The U.K. picture is very similar. Its National Health Service, a single-payer system paid for with payroll taxes, guarantees care for all, and includes everything from ambulance rides, emergency room visits to long hospital stays, complex surgery, radiation and chemotherapy. It also spends less than half of what Americans spend per person on healthare, yet, life expectncy in Britain is higher than in the U.S. The NHS remains the most popular institution in the U.K., more popular than the military or royal family. A 2014 report by the Commonwealth Fund concluded that the U.K. was ranked as having the best healthcare system in the world overall. ("Mirror, mirror on the wall, 2014 update: How the U.S. healthcare system compares internationally.")

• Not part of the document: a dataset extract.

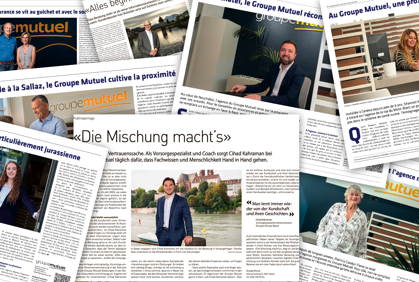 Die Zitate stammen aus drei der zahlreichen Zeitungsartikel, die Mitte September im Rahmen der Imagekampagne zum Thema «Kundennähe» erschienen sind. Gemeinsam mit den erstmals ausgestrahlten Spots in verschiedenen Lokalradios vermitteln sie einen vielfältigen Eindruck davon, wofür die Groupe Mutuel steht: für Hilfsbereitschaft, eine proaktive Haltung und Verantwortungsbewusstsein.

The arguments in favor of universal healthcare are powerful. While an erstwhile pipe dream may have gone mainstream, articulating the pros and cons of adopting a Medicare for all system, and actually getting a law enacted may look easy compared to implementing it.Yet, many seem to think that we are collectively moving closer to a Medicare for all system, which would signify a seismic shift, affecting the lives of of millions, and nearly one-fifth of our economy.

Killing Obamacare without offering a suitable replacement won't get us there.